3DSS: 3D Surface Splatting for Inverse Rendering
Mae Younes, Adnane Boukhayma

TL;DR
3DSS introduces a differentiable surface splatting renderer enabling physically-based inverse rendering from multi-view images, jointly recovering shape, materials, and lighting with high-quality results.
Contribution
It is the first to formulate a differentiable surface splatting renderer that directly models reconstruction kernels for inverse rendering tasks.
Findings
Achieves anti-aliased silhouettes and visibility gradients at sparse edges.
Jointly recovers shape, BRDF materials, and illumination.

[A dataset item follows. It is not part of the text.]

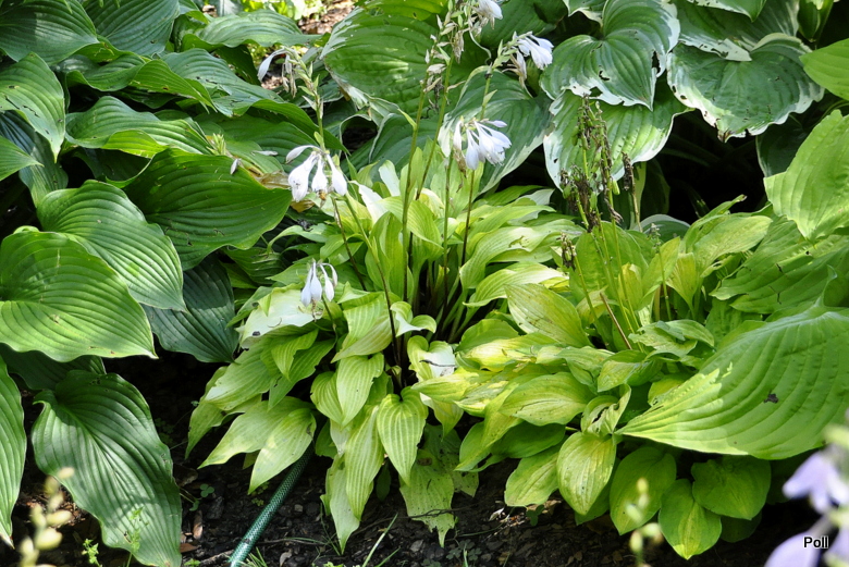 Jej kwiaty są bardzo charakterystyczne, osadzone na ulistnionych łodyżkach - wyglądają, jak zrywające się do lotu ptaki. Rośnie na półcienistym, często podlewanym stanowisku, osłonięta nieco przez większe sąsiadki. To one wzięły niemal cały impet majowych przymrozków na siebie, osłaniając tego malucha. Wszystkie hosty wokół mają straszliwe egzemy grzybowe.

Outperforms mesh-based, implicit, and Gaussian-splatting baselines.
Abstract
We present 3D Surface Splatting (3DSS), the first differentiable surface splatting renderer for physically-based inverse rendering from multi-view images. Our central insight is that the surface separation problem at the heart of surface splatting admits a direct formulation in terms of the reconstruction kernels themselves. From this foundation we derive a coverage-based compositing model whose per-layer opacity arises directly from the accumulated Elliptical Weighted Average reconstruction weight, yielding anti-aliased silhouettes and informative visibility gradients at sparsely covered edges. Combined with forward microfacet shading under co-optimized HDR environment lighting and density-aware adaptive refinement, 3DSS jointly recovers shape, spatially-varying BRDF materials, and illumination. Because the optimized representation is a set of oriented surface samples, it bridges…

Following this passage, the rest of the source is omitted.